The Homestead’s buildings might catch the eye first, but it’s the gardens, the chicken coop and the woods around the buildings that help sustain the students just as much. Vital parts of the students’ days include growing and canning their own food, harvesting eggs and chopping enough wood to fill the barn each winter so that they will have heat.

According to the former chair of the Homestead advisory committee and English professor Linda Krumholz, the three main goals for the students living there are to learn independence and personal responsibility, to live environmentally conscious lives while putting their views about sustainability into action, and to learn and practice alternative philosophies. Those goals surely broaden and elevate the generally held concept of higher education, during which students learn skills and ideas that will help make them mature into contributing adults in society.

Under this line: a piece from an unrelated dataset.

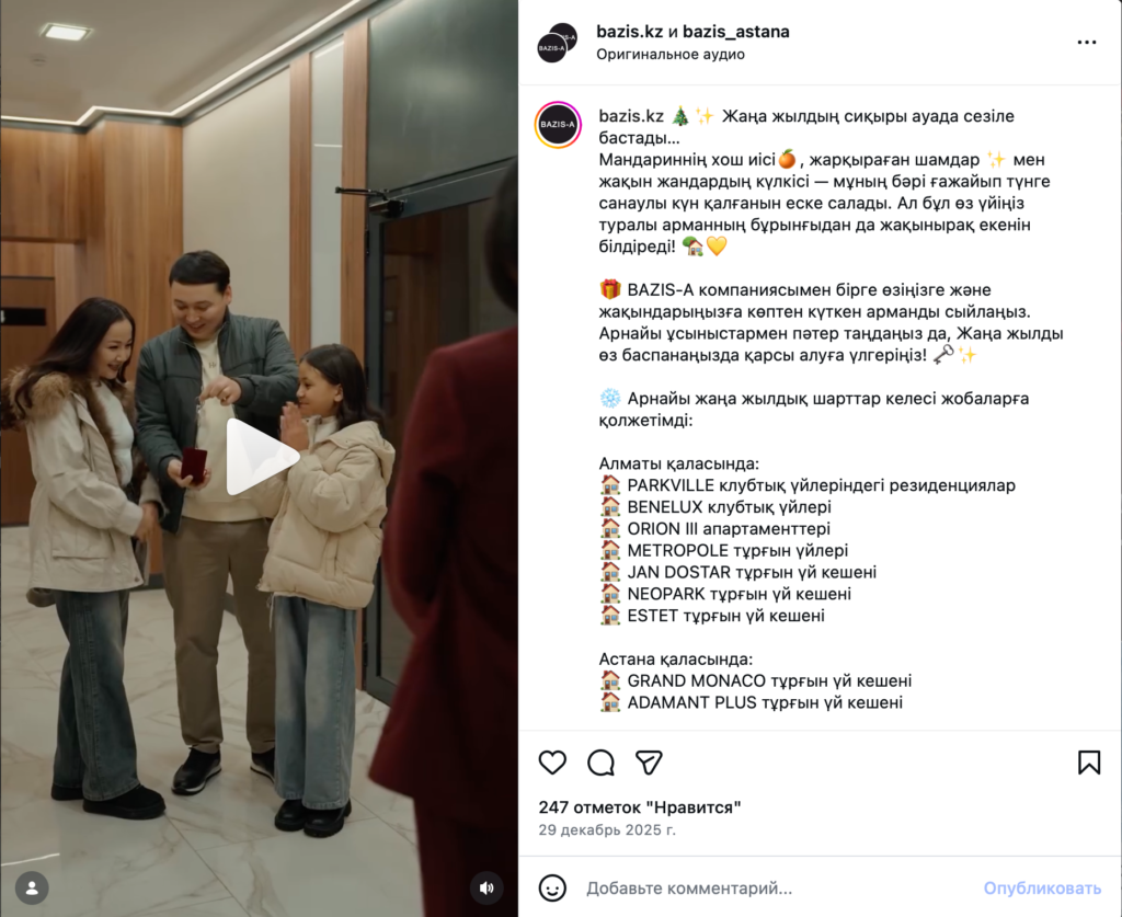 - Instagram құрылыс компаниялары үшін негізгі визуалды платформа болып қала береді. Мұнда олар нысандарды, интерьерлерді және локацияларды көрсетіп, жылжымайтын мүлікті таңдау кезеңінің бастапқы сатысында әлеуеті мол сатып алушыларға алғашқы әсер қалыптастырады. Ұзақ келісім-шарт жасасу циклі жағдайында дәл осы танымалдылық болашақ сенімнің негізін қалайды.*

The Homestead’s goals challenge each student to rethink what an education can be, embolden them to challenge the simple expectations that society might hold for them, and give them the ultimate freedom to redefine what it means to be a responsible and mature adult. Maturity is a mental and emotional construct that can be wasted without the proper context of the realities of our world, and these students are tasked with confronting realities that whole generations of mankind before them have entirely ignored.

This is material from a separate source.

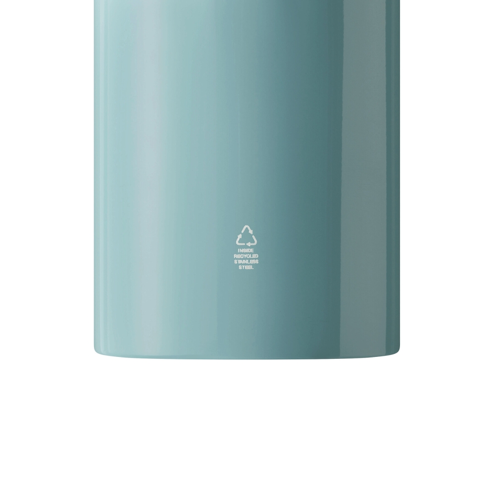 Láhev na pití, jednostěnná: vyrobena z recyklované nerezové oceli, bezpečnostní černý šroubovací uzávěr z plastu, silikonové těsnění, rukojeť na přenášení, kroužek na klíče a karabina (karabina NENÍ vhodná pro lezení), objem cca 400 ml. Rozměry: O7,2 x 19 cm

Talking to the students that are living there this semester you learn quickly that residents are not all environmental studies majors. Whether they are a cinema or English major, each student has their own reason for being there. Some want to learn how to live sustainably so that they will be prepared to live in the same fashion after Denison. Some want to have a better and fuller sense of community during their college experience. Others want—as did some of the original homesteaders—to remove themselves from the expectations of a typical college experience.

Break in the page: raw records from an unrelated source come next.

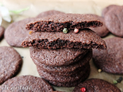 Inspiracja z blogu: Gourmand mama.Nie sądziłam, że słodko-pikantne ciastka będą takie pyszne, więc upiekłam je z pewną dozą obojętności…Efektem było kolejne pieczenie – i to z podwójnej porcji składników!Połączenie kakao i pieprzu to „strzał w dziesiątkę”!Od tego momentu
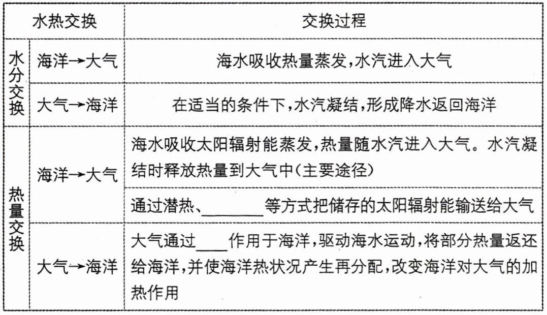 1.海—气相互作用,进行________交换,构成地球上生生不息的水循环。地球上的水时时刻刻都在循环运动,从长期来看,全球的总水量没有什么变化。
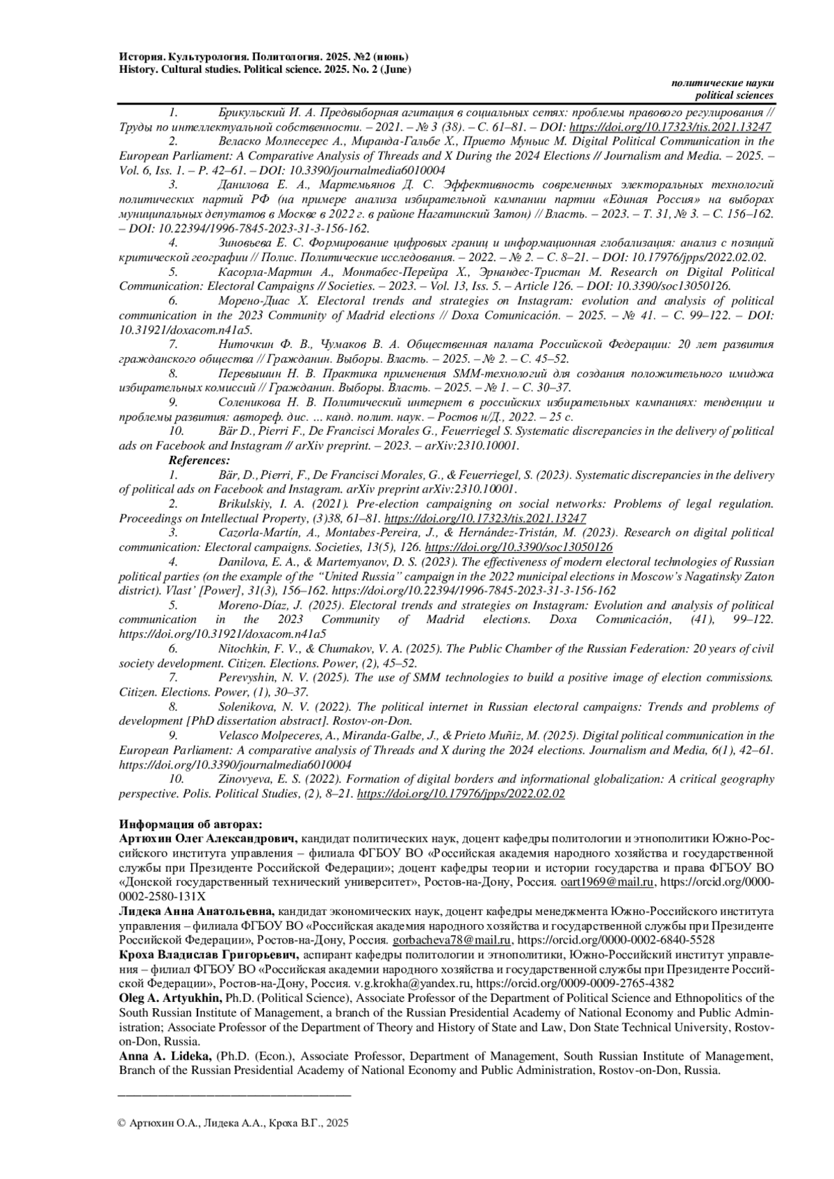 8. Перевышин Н. В. Практика применения SMM-технологий для создания положительного имиджа избирательных комиссий // Гражданин. Выборы. Власть. – 2025. – № 1. – С. 30–37.

Regardless of their original reasons for why they choose to live there for a semester, a year, or longer, the students all have the same dedication to this deliberate lifestyle. Talking individually with them, walking the grounds with them, eating with them and seeing them prepare for a whole Saturday of chores, you get a glimpse inside their world. Chatting with them about trips they’ve taken to South America or their writing classes or how this environment reminds them of their own homes provides even more insight. No matter their majors and backgrounds, they’ve found a way to fit comfortably at the Homestead. Each student who lives there will undeniably leave their indentation somewhere on the grounds.

Scratched hurriedly on a small sheet of yellow paper and taped to one of the beams in Cabin Bob is the line: “They are all the right choices.” Its meaning? With intent, with an eye on global and community needs, stressing the simplicity of responsibility for each act as their own, there are very few wrong choices that these students can make.

Dependence is a shaky concept if you cannot name that which you are dependent on, but these students know the names of the people they depend on and they walk on the ground that promises to sustain them if properly tended. As The Homestead’s coordinator Kimberly Byce says, “In 20 years the Homestead could evolve from a fringe experiment to a mainstream model for living. As people continue to awaken to the realities of the climate crisis and what that will mean for daily life—cutting consumption, conserving resources, relying on local economies, existing in harmony with nature—they could look to the Homestead as an example of how they, too, can achieve a shift in mindset and skill sets.”

It’s a fantastic notion, that a small group of evolving students might be showing us how to best determine our own fates. But the enthusiasm they share with each other for the process of living simply and sustainably should—at the very least—give us hope for extending the future of our own communities.